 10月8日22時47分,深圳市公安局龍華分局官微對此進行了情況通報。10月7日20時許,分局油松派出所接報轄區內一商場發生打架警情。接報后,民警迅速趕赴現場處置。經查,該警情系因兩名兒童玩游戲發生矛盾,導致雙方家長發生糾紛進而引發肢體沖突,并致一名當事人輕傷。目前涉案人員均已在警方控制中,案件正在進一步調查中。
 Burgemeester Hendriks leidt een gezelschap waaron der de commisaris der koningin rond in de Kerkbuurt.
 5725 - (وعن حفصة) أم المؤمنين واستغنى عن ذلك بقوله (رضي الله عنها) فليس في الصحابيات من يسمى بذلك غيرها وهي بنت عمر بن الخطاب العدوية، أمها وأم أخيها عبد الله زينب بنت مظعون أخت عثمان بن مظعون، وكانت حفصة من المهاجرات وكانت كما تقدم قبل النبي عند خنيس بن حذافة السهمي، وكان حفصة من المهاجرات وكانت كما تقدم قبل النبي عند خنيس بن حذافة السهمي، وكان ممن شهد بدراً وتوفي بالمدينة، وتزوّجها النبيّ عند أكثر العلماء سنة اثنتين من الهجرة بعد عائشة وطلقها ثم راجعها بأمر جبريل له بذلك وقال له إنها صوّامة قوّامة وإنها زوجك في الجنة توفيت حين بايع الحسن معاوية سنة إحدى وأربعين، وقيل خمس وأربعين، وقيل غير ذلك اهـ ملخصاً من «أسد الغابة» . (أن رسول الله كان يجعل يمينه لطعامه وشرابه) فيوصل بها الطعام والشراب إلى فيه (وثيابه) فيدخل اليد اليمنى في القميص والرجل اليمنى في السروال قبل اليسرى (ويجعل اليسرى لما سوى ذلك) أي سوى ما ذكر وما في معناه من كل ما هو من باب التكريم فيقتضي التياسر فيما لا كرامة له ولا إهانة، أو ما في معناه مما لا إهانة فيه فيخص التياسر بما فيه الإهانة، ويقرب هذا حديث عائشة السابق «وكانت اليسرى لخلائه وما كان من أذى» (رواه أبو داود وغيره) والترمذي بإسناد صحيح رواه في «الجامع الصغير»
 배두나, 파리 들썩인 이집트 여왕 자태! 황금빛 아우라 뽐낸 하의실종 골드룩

====================

## PROBLEM DESCRIPTION
What the task asks for is a word-for-word repeat of the lines above, from the first through the one containing "Burgemeester Hendriks leidt".

## EXPECTED ANSWER
 10月8日22時47分,深圳市公安局龍華分局官微對此進行了情況通報。10月7日20時許,分局油松派出所接報轄區內一商場發生打架警情。接報后,民警迅速趕赴現場處置。經查,該警情系因兩名兒童玩游戲發生矛盾,導致雙方家長發生糾紛進而引發肢體沖突,并致一名當事人輕傷。目前涉案人員均已在警方控制中,案件正在進一步調查中。
 Burgemeester Hendriks leidt een gezelschap waaron der de commisaris der koningin rond in de Kerkbuurt.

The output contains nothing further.